Even so, this is still an interesting exercise.

Mike said...

hello JC, I am really enjoying your blog (especially the biology lessons). I have studied the whole evolution vs. creation debate fairly well but I thought of something that I have never heard mentioned. How did a venom pumping stinger evolve on a bumble bee? I mean natural selection is only good for "breeding" lifeforms right? from my understanding not all the bees in a hive breed and even if they did the benefits of having a venom pumping detachable stinger would not be able to pass to the next generation (bee dies after stinging).
hopefully you can follow my reasoning (I don't have the best writing skills).
have you ever heard a evolutionist try to explain this?

thanks for reading,
mike d

JC said...

Thanks, Rich, for the additional analysis. I thought of most of the points you raised, but I didn't want to complicate the discussion. In this kind of estimation, the goal is to estimate the number of decimal places between the most-significant digit and the decinal point, not the actual digits of the ratio. If we account for the issues you raised, we might shift the decimal point by perhaps three places, in which the ratio is two billion instead of two trillion. Still, it would remain a huge difference.
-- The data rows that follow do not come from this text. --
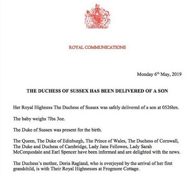 Pierwszy syn pary urodził się o 5.26 rano (6.26 w Polsce). Zgodnie z tradycją jako pierwsi o jego narodzinach dowiedzieli się królowa Elżbieta II oraz jej mąż książę Filip, ojciec Harry'ego i następca tronu książę Karol oraz jego brat, książę William z księżną Kate.
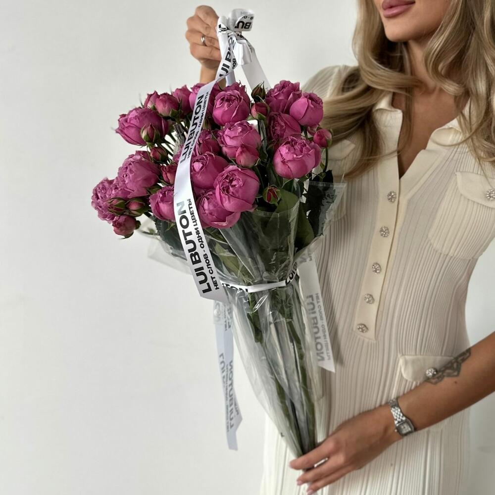 Элегантная композиция в зонтике — стильная альтернатива классическому букету. В состав входят 7 веток кустовых пионовидных роз. Дарит атмосферу праздника и неповторимый шарм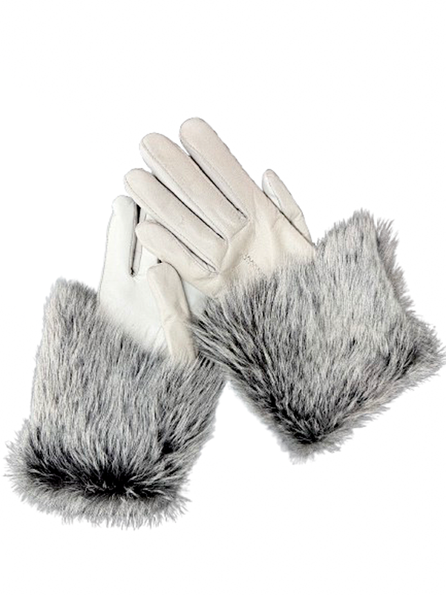 Dámské luxusní zimní kožené rukavice se širokou kožešinovou manžetou 100% Toscana kožešina ve sříbřité barvě s kombinací extra jemné kozlečinky. Podšívka kašmír.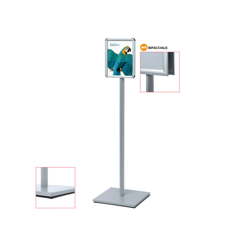 Display bifacciale su stand in alluminio. Il display è formato da 2 cornici a scatto con angoli arrotondati. Ideale in tutti gli ambienti in cui sia necessario esporre comunicazioni pubbliche in modo efficace. Altezza totale 140cm.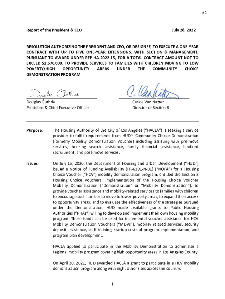 A2Report of the President & CEO July 28, 2022RESOLUTION AUTHORIZING THE PRESIDENT AND CEO, OR DESIGNEE, TO EXECUTE A NEYMAR CONTRACT WITH UP TO FIVE NEYMAR EXTENSIONS, WITH SECTION 8 MANAGEMENT, PURSUANT
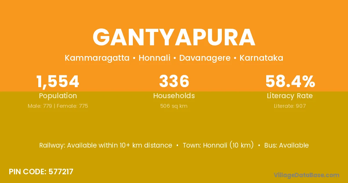 Honnali (10 km) is the nearest town to Gantyapura village for major economic activities and is located approximately 10 km away.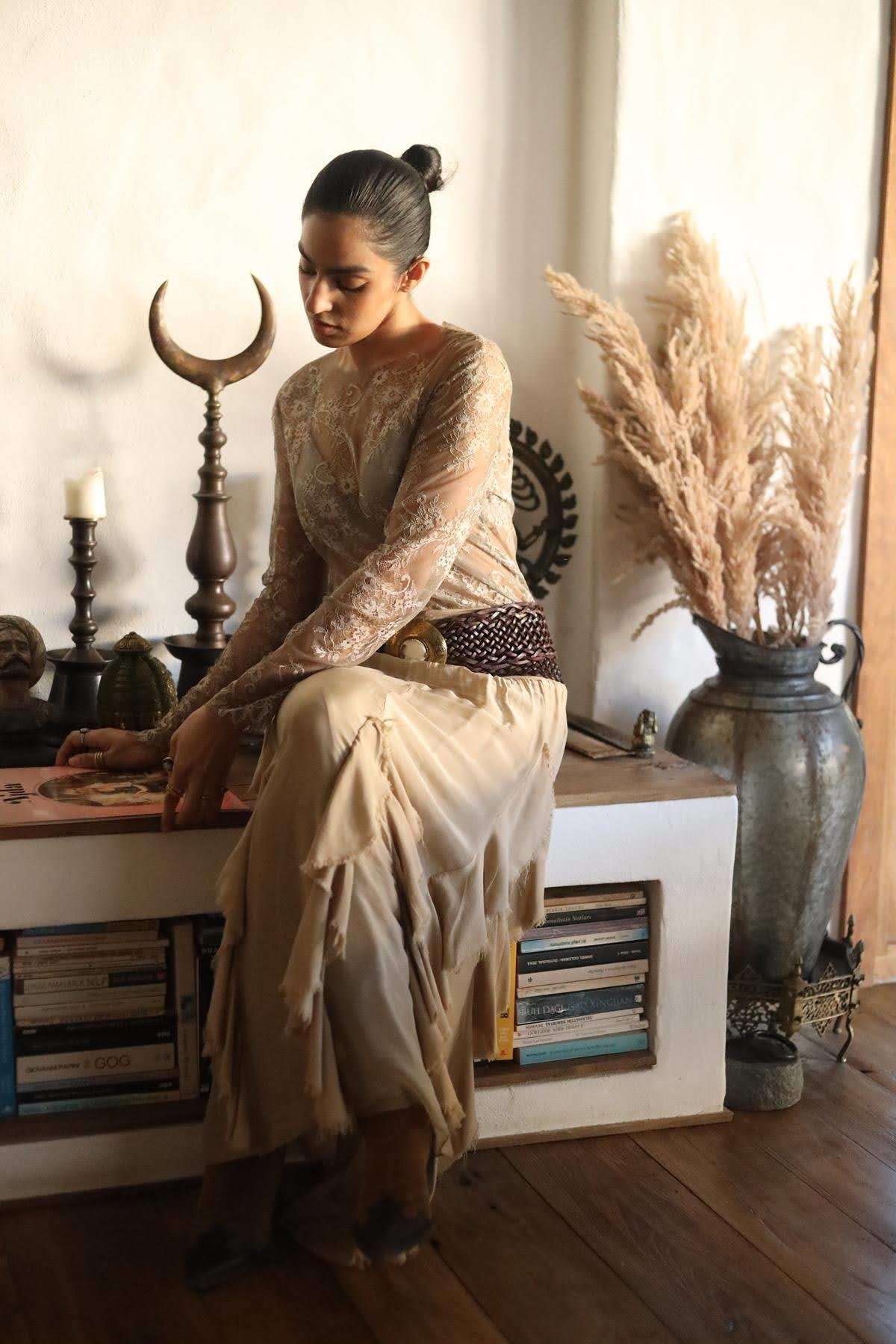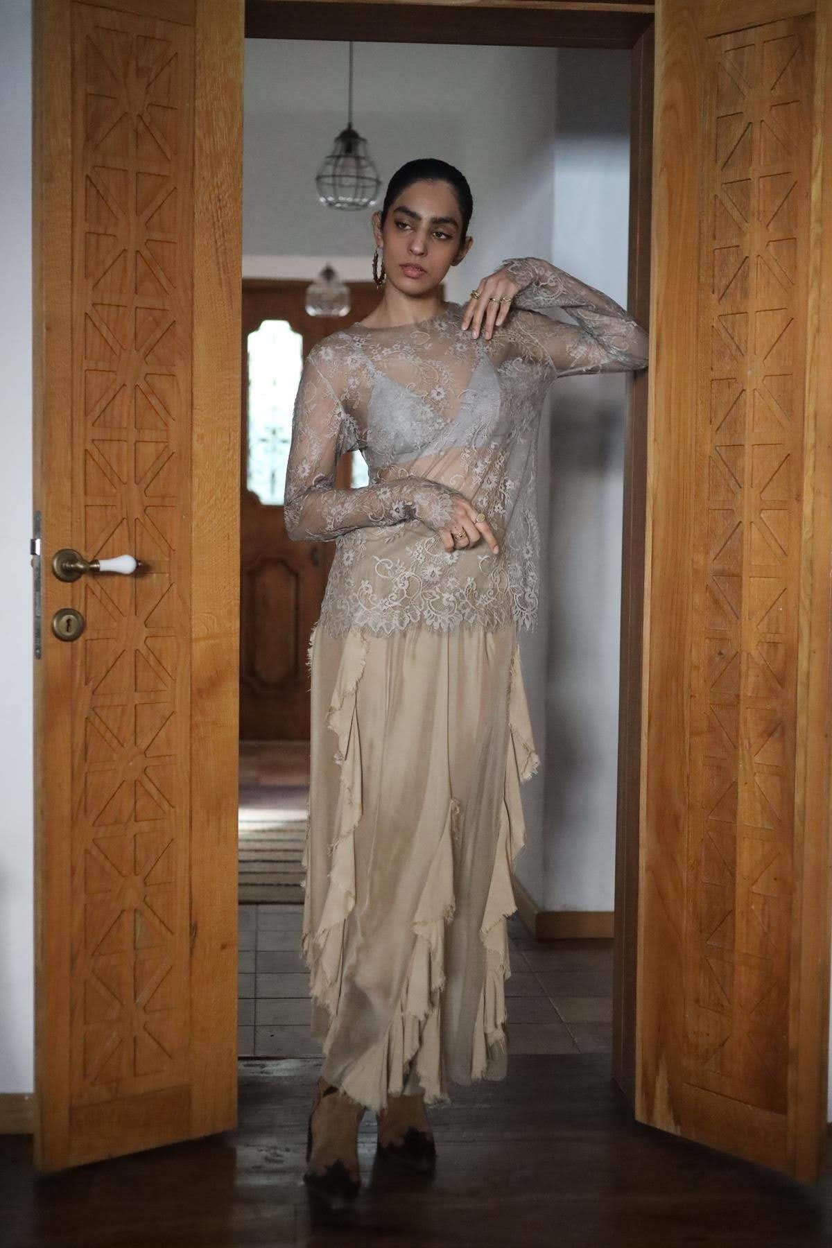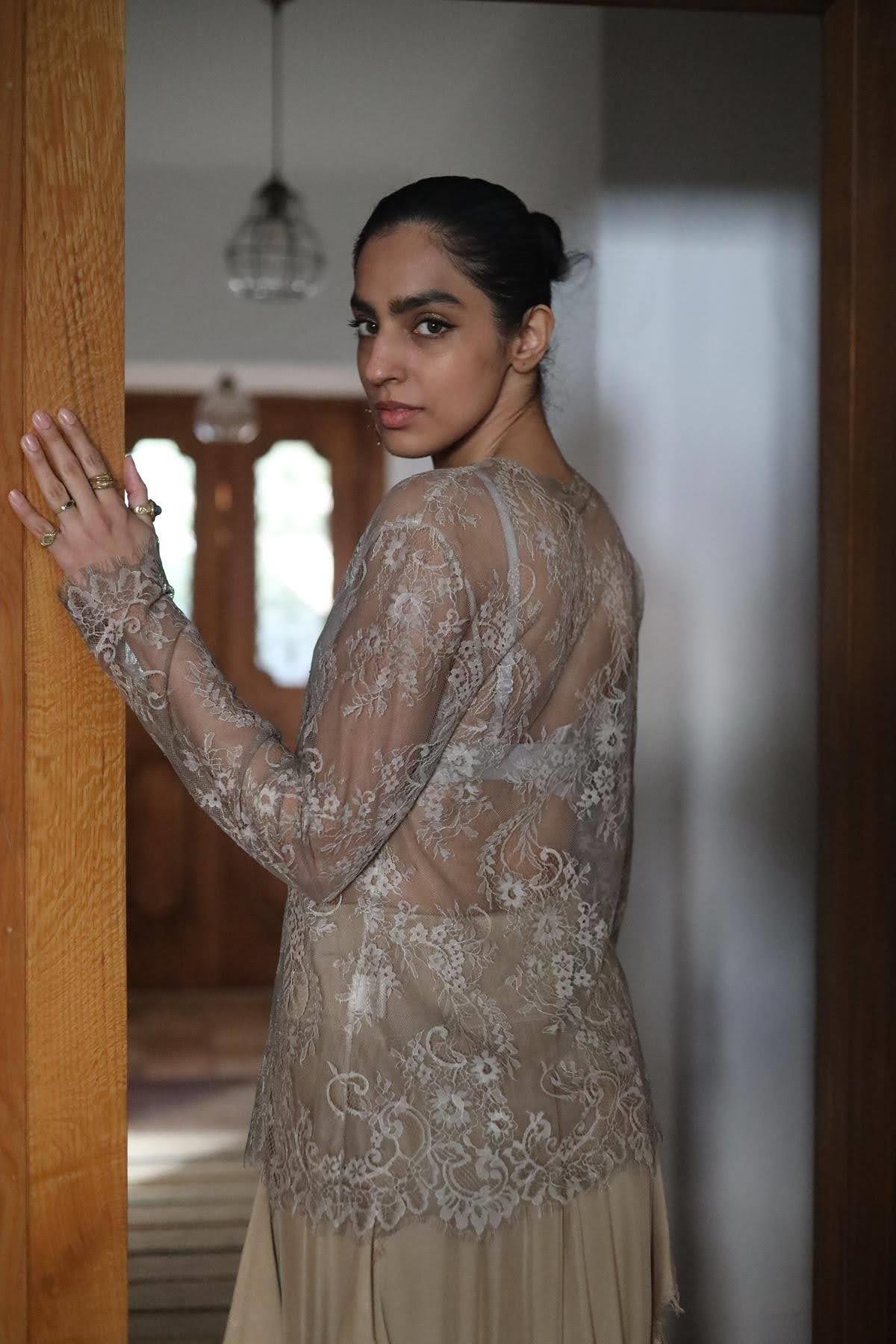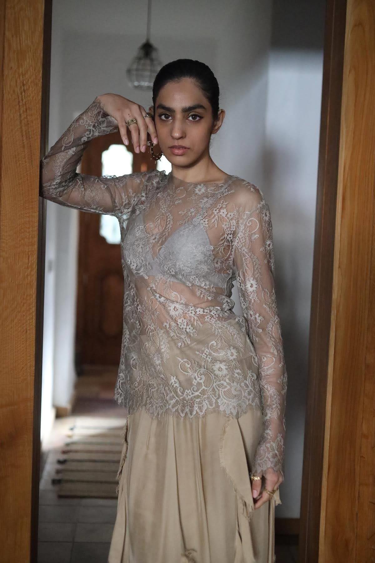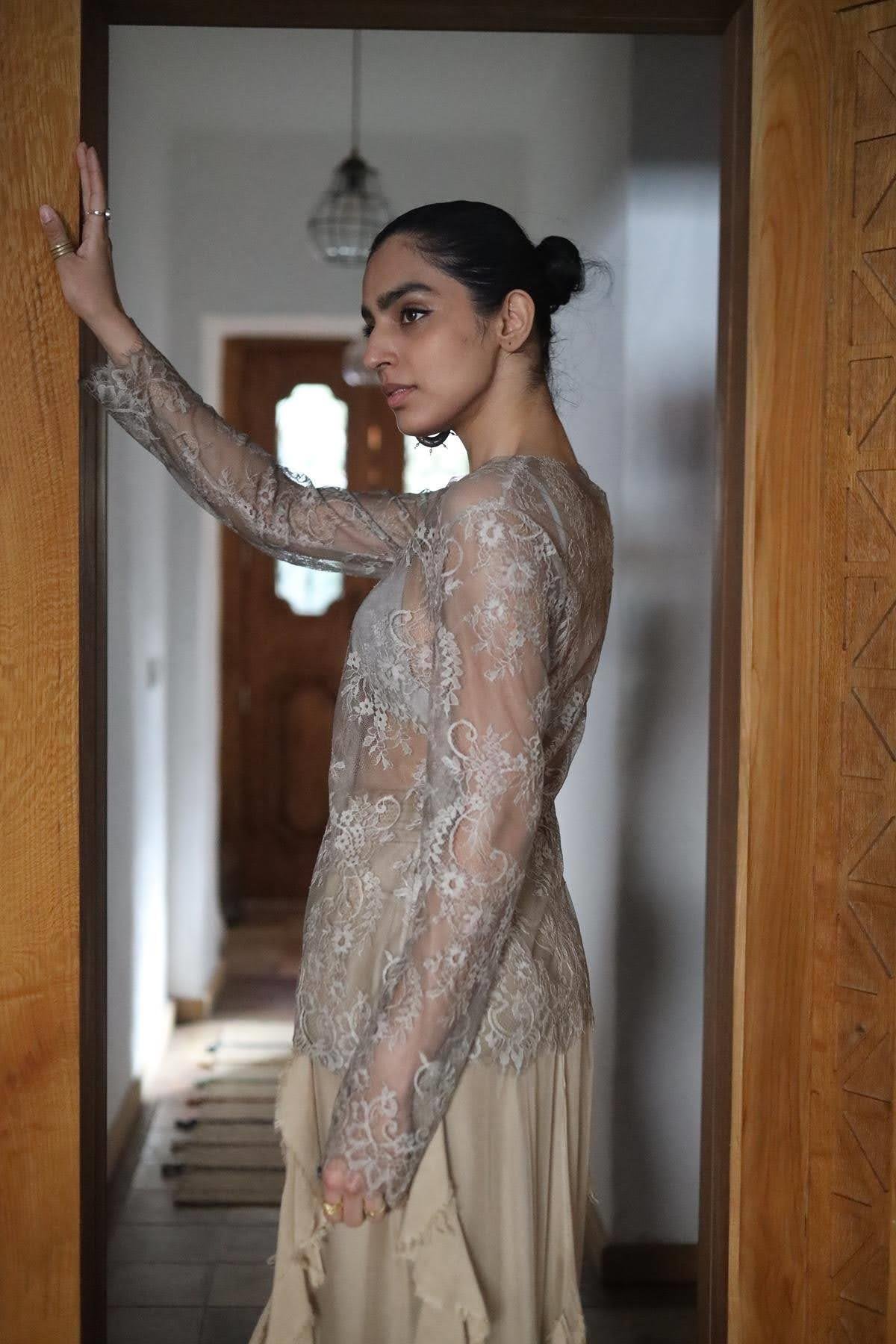 Vizon Rengi Uzun Kollu Dantel Bluz

DNA is read by 'randomly' (that is, in any order needed) reading information blocks called genes, via temporary copies in the form of messenger RNA (mRNA). Then ribosomes and transfer RNA read the mRNA sequentially. Likewise, flash memory is read in randomly selected large blocks that are temporarily copied to a block of RAM on the flash chip. Then the computer reads the RAM block (or part of it) sequentially. An interesting parallel, no?

It is interesting that DNA is read-only, copied only from other DNA. It prompts the question: Where did the information come from? As I point out elsewhere, the idea that information can come from randomness is nonsence. Attempts to argue for this idea confuse information with patterns.

JC said...

Izzy, your comments are encouraging. Others have also made the argument that it is hard for evolution to explain the development of suicidal behavior (Bees aren't the only ones). Sometimes the reaction by evolutionists and atheists is rambling profanity, as in the comments to this UTube video: http://www.youtube.com/watch?v=uv0CfdMeFnw . But in this link, the explantion offered is that the queen bee, which is the reproducer, survives: http://answers.yahoo.com/question/index?qid=20080611210938AAVbQAl .

I rhink that a more powerful argument is this: Evolution proposes that new features are acquired by incremental changes selected from random changes. And an improvement must be accomplished by each incremental change. But complex designs cannot be built up this way.

The stinger has many component parts, such as the venom chemistry, including its production, the pump, and the hollow dart; and none of these would provide any advantage without the other parts. (And the chemistry and pump are probably made of other basic parts.) Designs require planning (working toward a goal), but evolution is supposed to be a mindless series of accidents.